There is no excellent beauty, Francis Bacon wrote, that hath not some strangeness in the proportion. Perhaps, but I’d warrant that Frank never imagined strangeness in every proportion. It was shuffling toward us now in the form of an old and very ugly crone.
“How is the little one?” it—she—rasped in an ancient, rusting voice.
“I think she’ll be fine eventually, but I must tend her for now. Basa,” she pulled me forward, “this is Christopher Csejthe. He’s the one we were sent to recruit.”
Basa-Andrée clasped gnarled, lumpy hands together. “Ah! Welcome, honored guest! Please allow me to show you to your quarters.” She looked me up and down. “I will draw you a hot bath and see that you are provided with fresh clothing.” To Mooncloud: “Leave him to me, dearie. You just run along and I’ll see that he’s ready for his audience with the Doman.”
Mooncloud smiled gratefully. “Go along, Chris; I’ll be by to check on you later. You’re in good hands, now: Basa-Andrée is one of the chamberlains.”
I leaned over and whispered, “She’s not human either, is she?”
She shook her head. “Aguane.”
“Of course. Don’t know why I didn’t see that immediately.”
The old woman cackled as Mooncloud took her leave. “Come with me, dearie. Stefan has decreed that you are to be shown every courtesy.” She cackled again as she started off down the corridor. The grasp of her hand was like weathered iron and I tottered behind her, trying to keep up.
My quarters turned out to be a six-room suite that rivaled any hotel I’d ever visited save for the fact that there were no windows and the walls were dressed stone.
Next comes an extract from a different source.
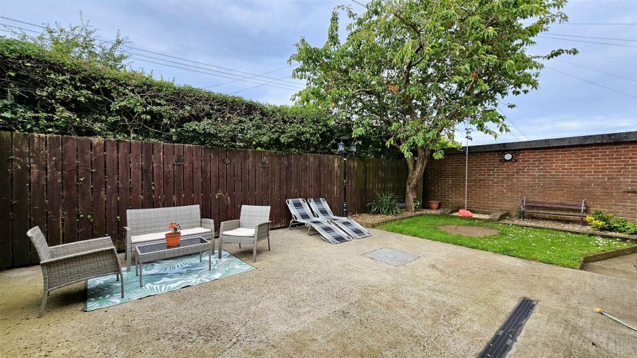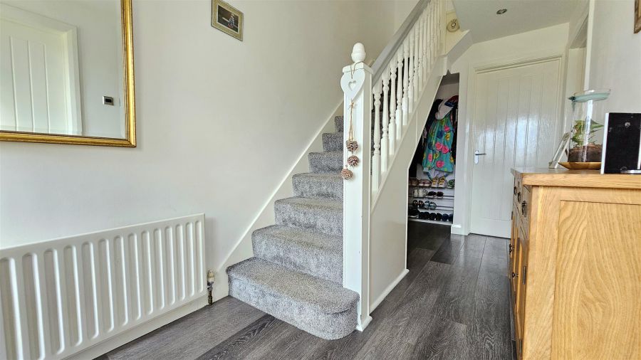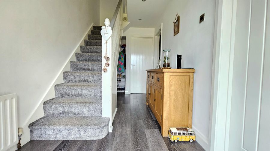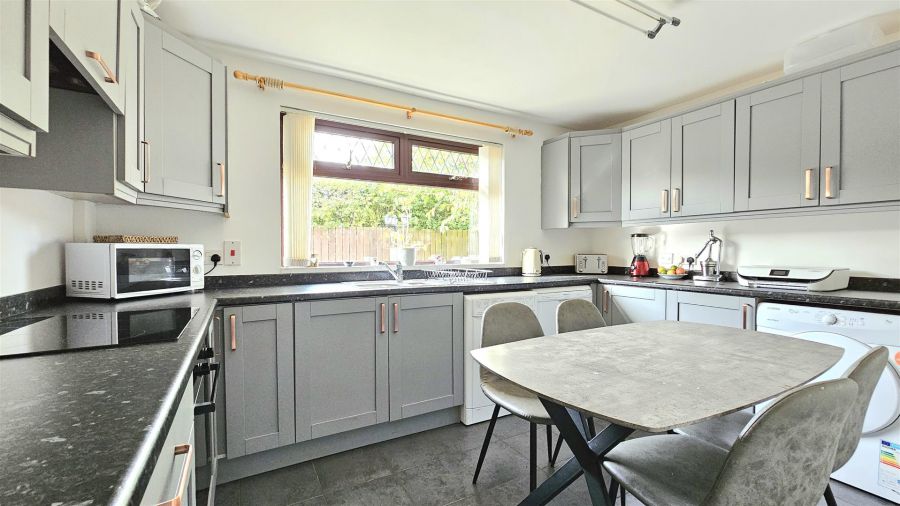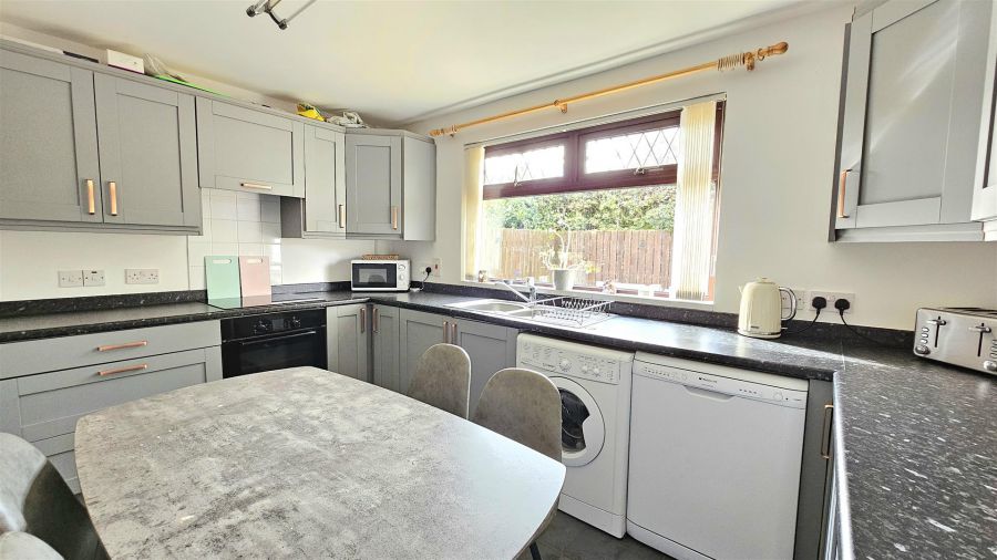 Double glazed window to rear aspect, range of grey shaker style units with roll edge worktops, inset stainless steel 1.5 bowl sink and drainer with mixer tap over, built-in oven and four ring ceramic hob with extractor fan over, plumbed for washing machine and dishwasher, storage cupboard, radiator, ceramic tiled floor, hallway with door to rear garden

The aguane showed me through the various rooms, explaining that the kitchenette would be stocked as soon as my dietary needs were understood and as for the closets. . .
Less than two minutes after we had entered the suite, two brownies and a leprechaun (or so Basa-Andrée identified them) had bustled through the door. The tour was sidetracked as they subjected me to a thorough series of measurements and detailed questions pertaining to fashion preferences, fabrics, and which side I “dressed” on. One of the brownies even held up a color chart and pronounced me a “dramatic winter.” Then they were bustling back out the door and apologizing that it would be close to an hour before they could return with a complete wardrobe.